Orchard Therapeutics plc, a gene therapy company, research, develops, and commercialize hematopoietic stem cell and gene therapies in the United Kingdom, Italy, France, and Germany. It offers OTL-200, an ex vivo autologous hematopoietic stem cell gene therapy for the treatment of patients with metachromatic leukodystrophy under the Libmeldy brand; and Strimvelis, a gammaretroviral vector-based gene therapy for the treatment of adenosine deaminase deficiency. The company's program for neurodegenerative disorders comprises clinical proof of concept-stage program, which includes OTL-203 for the treatment of mucopolysaccharidosis type I and OTL-201 for mucopolysaccharidosis type IIIA, or MPS-IIIA; and pre-clinical program, OTL-204 for the treatment of frontotemporal dementia with progranulin mutations. In addition, it develops program for immunological disorders consist of pre-clinical programs, which includes OTL-104 for Crohn's disease with mutations in the nucleotide-binding oligomerization domain-containing protein 2; and OTL-105 for the treatment of hereditary angioedema. The company was formerly known as Orchard Rx Limited. Orchard Therapeutics plc was founded in 2015 and is headquartered in London, the United Kingdom. As of January 24, 2024, Orchard Therapeutics plc operates as a subsidiary of Kyowa Kirin Co., Ltd..

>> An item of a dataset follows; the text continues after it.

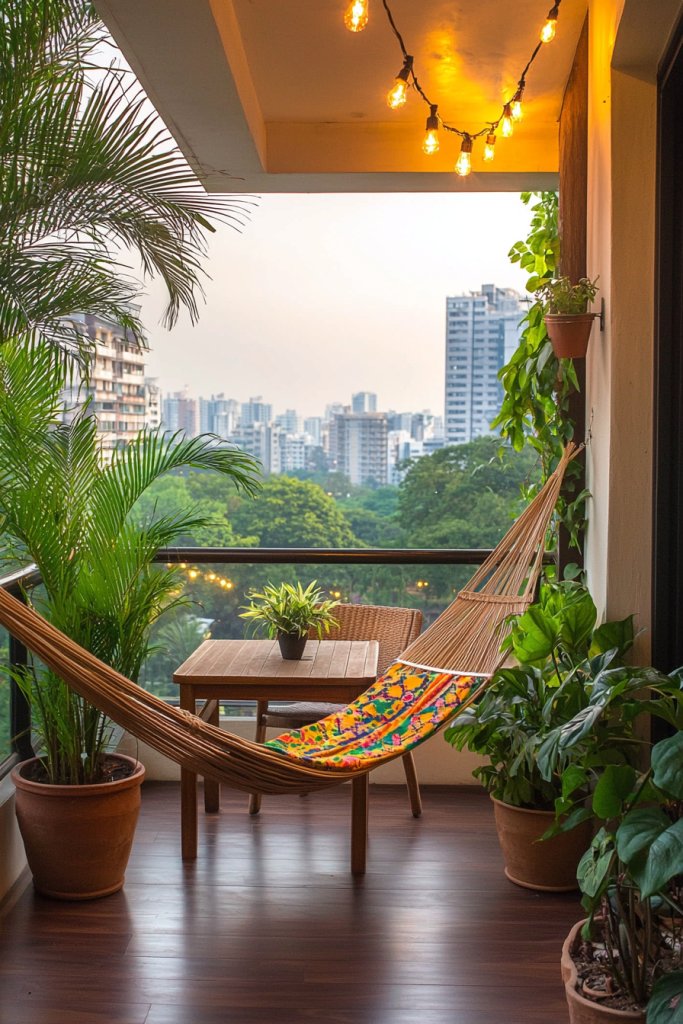 Don’t forget a small table for morning coffee or evening cocktails, turning your balcony into a mini retreat. With these thoughtful touches, you’ll have a serene space that feels like a refreshing change, right at home.

Sorrento Therapeutics, Inc. engages in the research, development and manufacture of biopharmaceutical products. It focuses on therapies to treat specific stages in the evolution of cancer, from elimination, to equilibrium and escape which include biosimilars, immuno-oncology antibodies, cellular therapy, cell internalizing antibodies, and antibody drug conjugates. It operates through the Sorrento Therapeutics and Scilex segments. The company was founded by Henry H. Ji in 1989 and is headquartered in San Diego, CA.